• **The task**
Find every line in the records below that holds the word "Jordi", and copy each one.

• **Data records**
:::

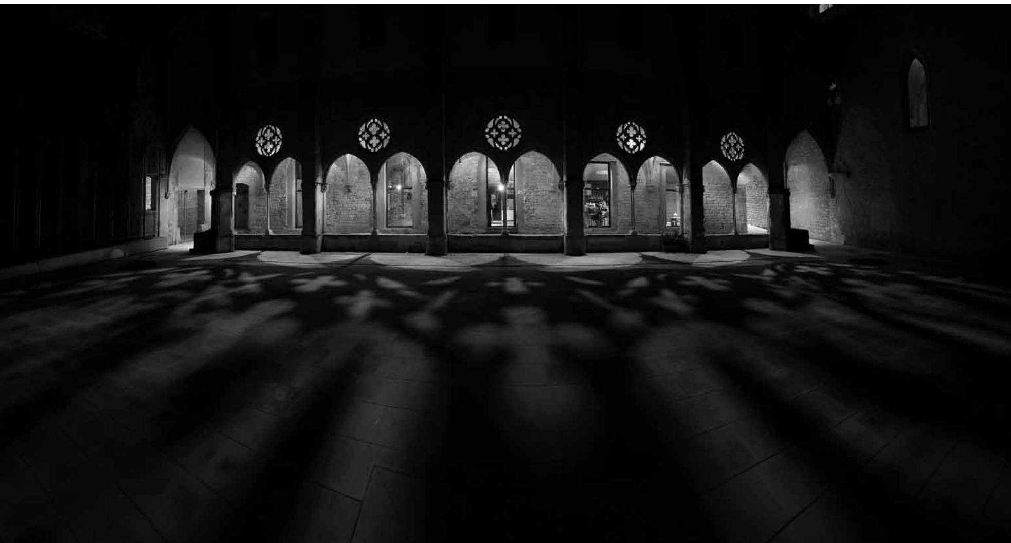
Claustre del Convent de Sant Agustí
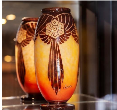
Jarrón de vidrio de la colección "Joyas del Art Nouveau"

Su habilidad para emplear vidrio de color era excepcional e innovadora. Trabajaba con una amplia gama de óxidos metálicos para lograr tonos sutiles y profundos, desde el suave "Clair de lune", hasta colores vivos y llamativos para aportar a la obra profundidad y riqueza de color. También jugó con metales inusuales en aquella época, como el talio y el iridio, estos le permitieron producir sombras oscuras.
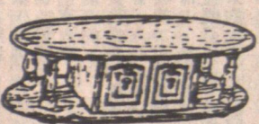
圓形 CAFE TABLE 最適合送禮用 $159.00
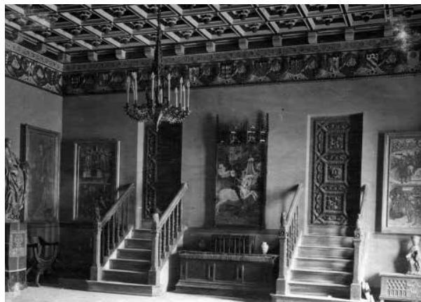
75. Sala dels Retaules, amb les portes comunicants amb el Gran Saló. Enmig, el retaula de Sant Jordi i el drac , de Bernat Martorell. (1918).

El 1917, tot just enllestida, Utrillo hi traslladà la totalitat dels retaules que, fins al moment, es trobaven dispersos entre la residència de Deering i les dependències del Palau. Va ser la sala més espectacular de Maricel, més encara que el Gran Saló (Saló d'Or). La comunicació entre els dos cossos del Palau de Maricel s'efectuava per les escales simètriques que hi ha a banda i banda del frontal de la sala. Enmig hi figurava, sol, el retaula de Sant Jordi i el drac , de Bernat Martorell (segle xv) i la paret d'enfront l'ocupava, sencer, el frontal i el retaula de Quejana. Les parets laterals estaven cobertes de taules i retaules, principalment gòtics.
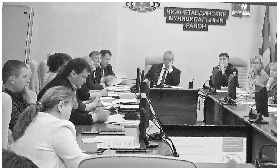
Работа совета по противодействию коррупции. Большой зал администрации Нижнетавдинского района.

О реализации мероприятий по противодействию коррупции в территориях района держали ответ главы Андрюшинского и Чугунаевского сельских по-

:::

• **Task answer**
75. Sala dels Retaules, amb les portes comunicants amb el Gran Saló. Enmig, el retaula de Sant Jordi i el drac , de Bernat Martorell. (1918).
El 1917, tot just enllestida, Utrillo hi traslladà la totalitat dels retaules que, fins al moment, es trobaven dispersos entre la residència de Deering i les dependències del Palau. Va ser la sala més espectacular de Maricel, més encara que el Gran Saló (Saló d'Or). La comunicació entre els dos cossos del Palau de Maricel s'efectuava per les escales simètriques que hi ha a banda i banda del frontal de la sala. Enmig hi figurava, sol, el retaula de Sant Jordi i el drac , de Bernat Martorell (segle xv) i la paret d'enfront l'ocupava, sencer, el frontal i el retaula de Quejana. Les parets laterals estaven cobertes de taules i retaules, principalment gòtics.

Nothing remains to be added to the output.